Advanced Cooling Therapy (Attune Medical)

Status

Completed

Conditions

Traumatic Brain Injury

Treatments

Device: Esophageal Cooling Device (ECD), manufactured by Advanced Cooling Therapy, Inc.

Study type

Interventional

Funder types

Other
Industry

Identifiers

NCT02420639
ACT TBI-01

Details and patient eligibility

About

The aim of this prospective, interventional study is to assess the feasibility and safety of the Esophageal Cooling Device in patients from suffering from traumatic brain injury who the treating physician is treating with targeted temperature management. Comparison of outcomes will be made to historical controls. The primary outcome is the feasibility of inducing, maintaining, and rewarming patients from targeted temperature management using the Esophageal Cooling Device (cooling rate, rewarming rate, and the percent of time within goal temperature during the goal-temperature maintenance period). Evaluation of adverse events (including cardiac arrhythmias, severe bradycardia, myocardial infarction/re-infarction, dysphagia, odynophagia, aspiration pneumonia, non-aspiration pneumonia, reflux, esophageal injury, and esophagitis) will be closely monitored during the whole period of targeted temperature management (secondary endpoint).

Full description

Controlling patient's body temperature, and in particular, reducing body temperature in a treatment referred to as targeted temperature management, has been shown to improve outcomes for many conditions, including neonatal hypoxic ischemic encephalopathy, cardiac arrest, and traumatic brain injury. However, available modalities for inducing targeted temperature management have a number of technical, logistical, and financial barriers. The Esophageal Cooling Device is a multi-chambered silicone tube placed in the esophagus that provides a highly efficient heat transfer to or from a patient.

Traumatic brain injury (TBI) is a major cause of death and severe disability throughout the world. Current methods of traumatic brain injury treatment include reduction of brain swelling and edema, both by surgical means, as well as by reduction of temperature and avoidance of fever. Methods used to reduce temperature and control fever include surface devices, such as ice packs and water circulating blankets, and intravascular catheters, which are placed into a blood vessel.

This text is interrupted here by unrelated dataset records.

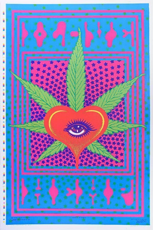 1994 Victor Moscoso I Love Hemp Printers Proof Signed Moscoso Poster Near Mint 85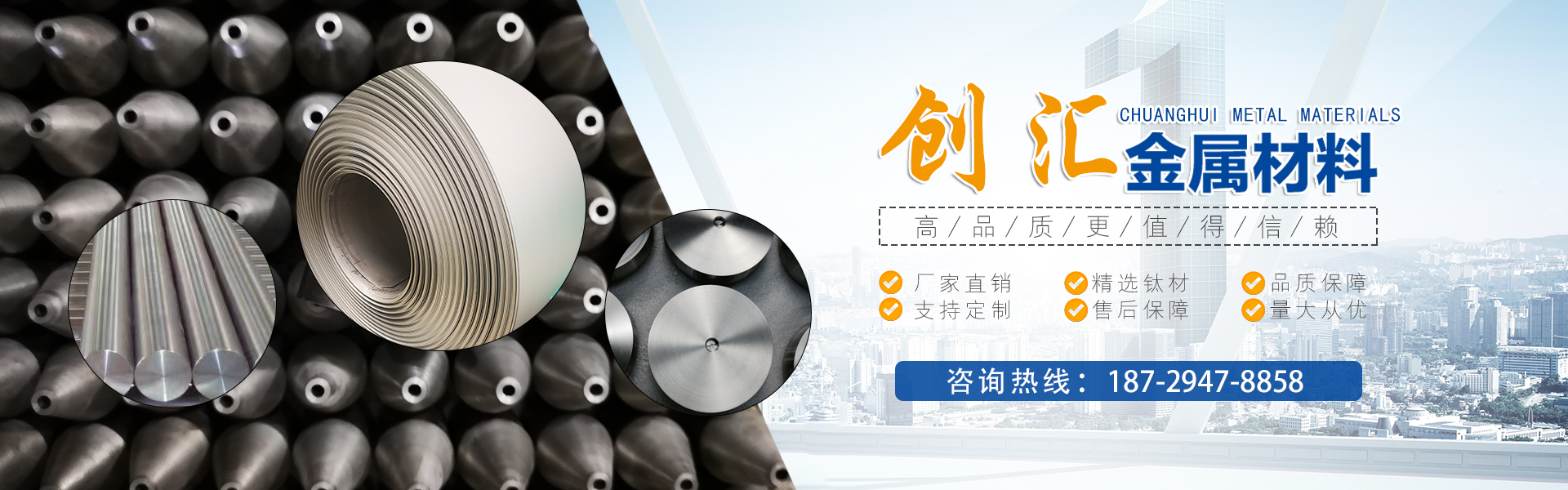 寶雞市創(chuàng)匯金屬材料有限公司,位于有“中國鈦谷”之稱寶雞寶鈦路南段,這里也是國家重點支持和扶持的有色金屬材料資源產(chǎn)業(yè)基地,我司專業(yè)從事鈦、鋯、鉿、鎳鉻、鎢鉬、鉭鈮、合金材料、復(fù)合材料,板、棒、絲、管、箔材等,設(shè)備制造,金屬制品機械加工銷售。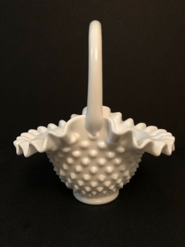 Title (ebay affiliate link): VTG FENTON WHITE MILK GLASS HOBNAIL BASKET-CRIMPED RUFFLED EDGES-8"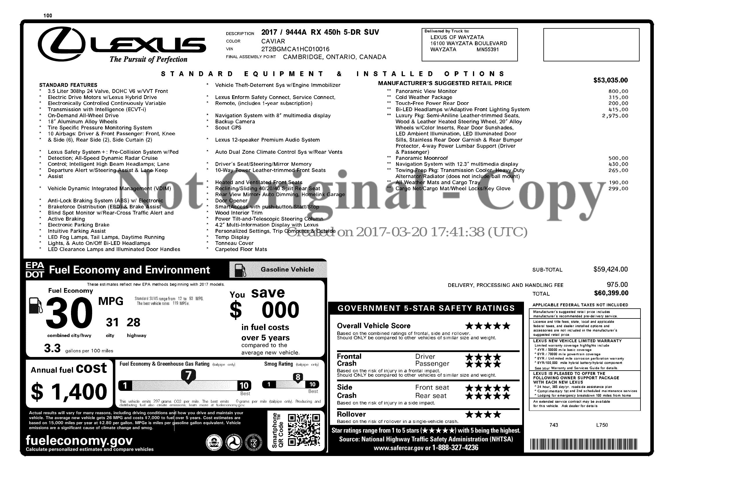 2017 Lexus RX RX 450h AWD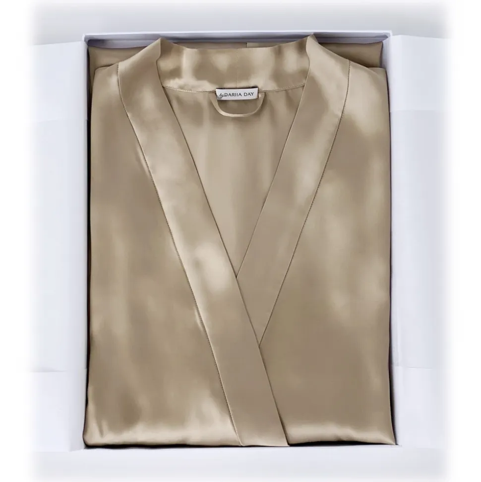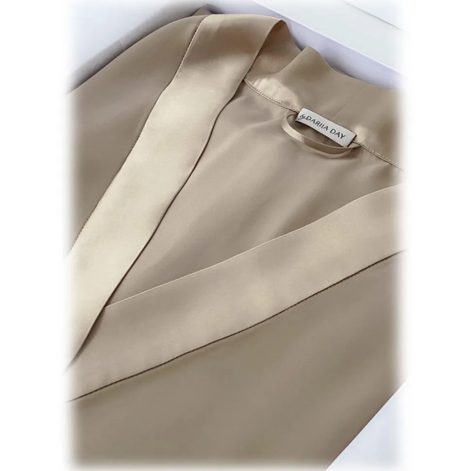 by Dariia Day – Long Silk Robe – French Beige – Fashion – New Collection – Mulberry Silk – Artisan Silk Robe – Luxury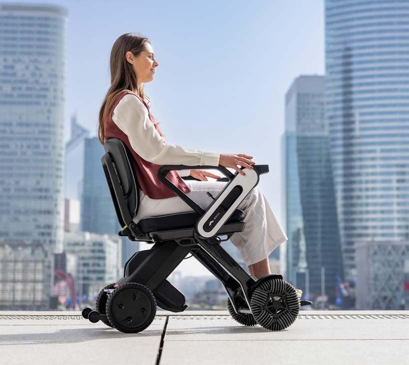 Engineered in carbon fibre, renowned for its strength and low weight, the powerchair builds on the successful WHILL concept to offer more performance, comfort and enablement.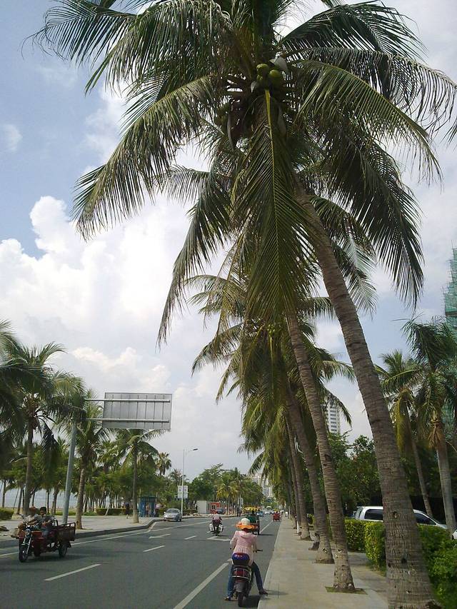 回三亚市的路上,喜欢路边高高的棷子树,可惜没掉个棷子我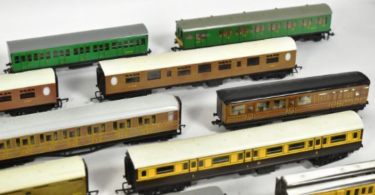 Model Railway - a collection of x20 assorted OO gauge model railway trainset locomotive rolling stock coaches and carriages to include; Triang Royal Mail, Wrenn Pullman, Lima Palethorpes Royal Cambridge and others.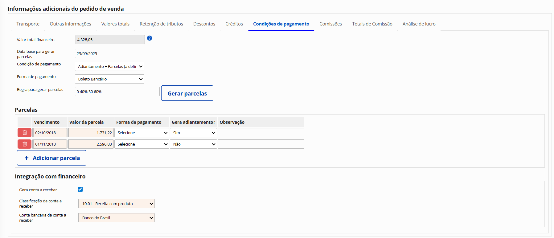 Criação de adiantamentos de clientes nos pedidos de venda ou diretamente no financeiro. Baixas automáticas por compensação com adiantamento de clientes na emissão da nota fiscal.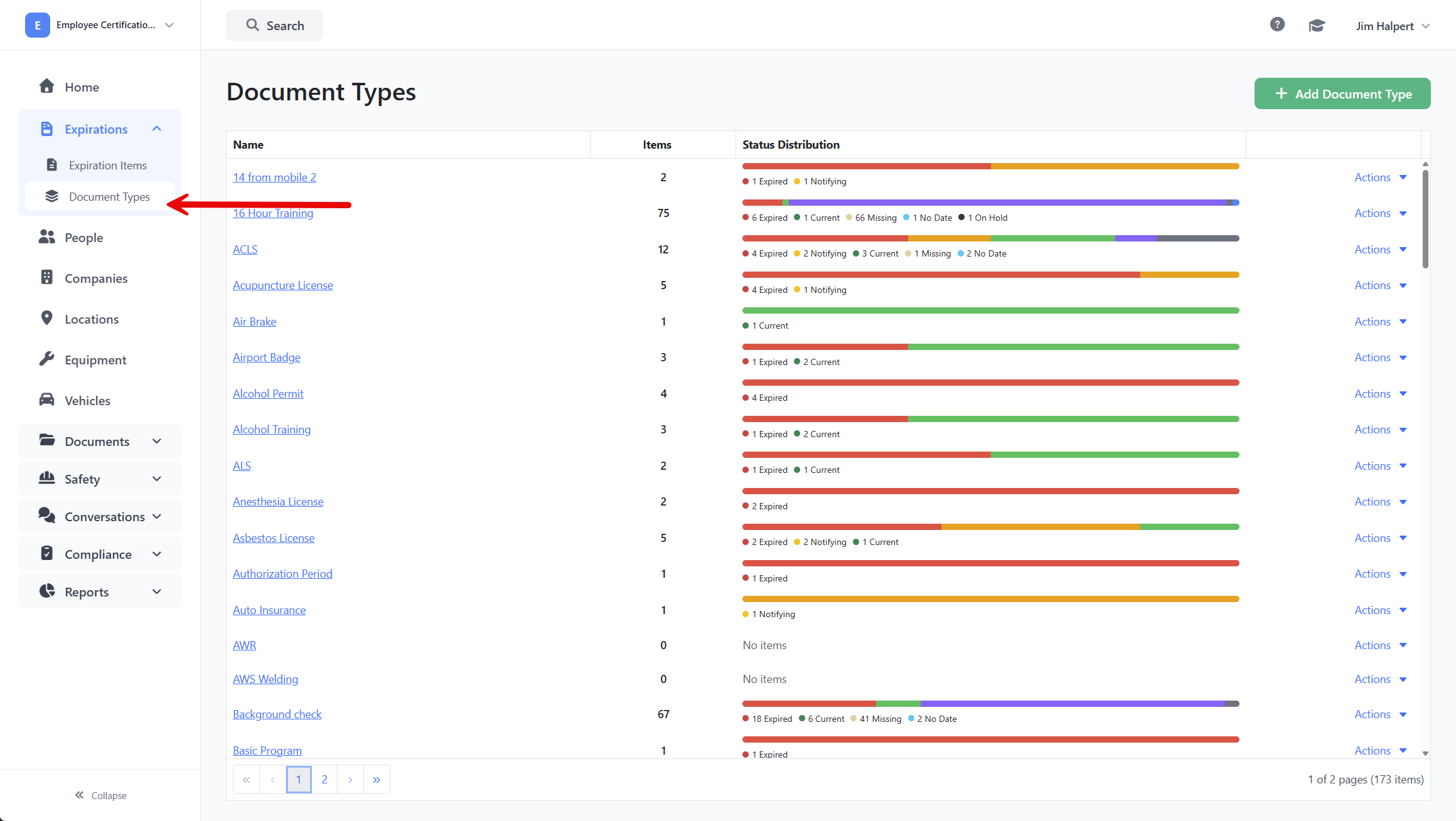After creating the smart document type, the next step is to create an expiration. Click on Expirations on the top menu and then click New Expiration.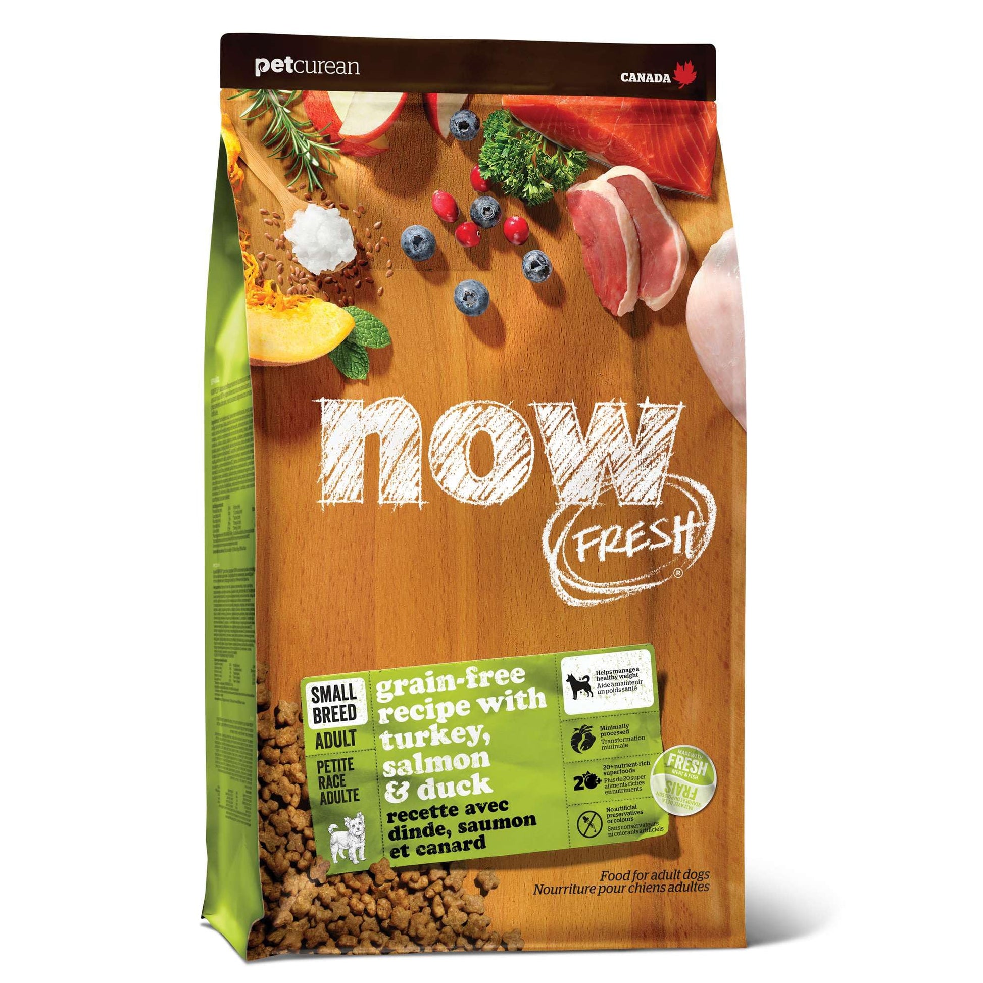Details: Your little pal deserves the best, so we made a diet tailored to their needs. Our Now Fresh Grain-Free Small Breed Adult Recipe with Turkey, Salmon & Duck is made with premium ingredients like fresh meats, fruits and veggies for delicious flavor and concentrated nutrition for little tummies. This grain-free dog food is crafted for little mouths, with parsley and peppermint to help keep their breath fresh, and small kibble for easy chewing. Featuring a tasty multi-animal protein blend of fresh de-boned turkey, salmon, and duck that's perfect for picky eaters. This chicken-free kibble is formulated with probiotics, fiber-rich pumpkin and sweet potato to support good digestion. Plus, antioxidants and essential nutrients from fruits and veggies help maintain a strong immune system. Made simply with minimal processing, this grain-free and gluten-free recipe is crafted without corn, soy, or wheat, using only wholesome ingredients from trusted suppliers. No by-product or meat meals, artificial flavors, colors, or preservatives. You can rest easy knowing that your pet is getting fresh and high-quality ingredients for optimal health and well-being. Made in Canada.

The esophagus is in close proximity to blood flow from the heart and great vessels, and the Esophageal Cooling Device (ECD) is designed to take advantage of this heat exchange environment. The ECD's ability to decompress the stomach and avoid distention of the esophagus away from the device ensures good contact with the esophageal mucosa, and thus maximizes heat transfer from the patient. The ECD replaces the standard gastric tube which is placed in the target patient population as a routine standard of care, is made of standard medical-grade silicone, and is generally similar in size and shape to the gastric tubes currently used. Initial mathematical, animal, and human data have shown strong support for the efficacy and safety of the ECD.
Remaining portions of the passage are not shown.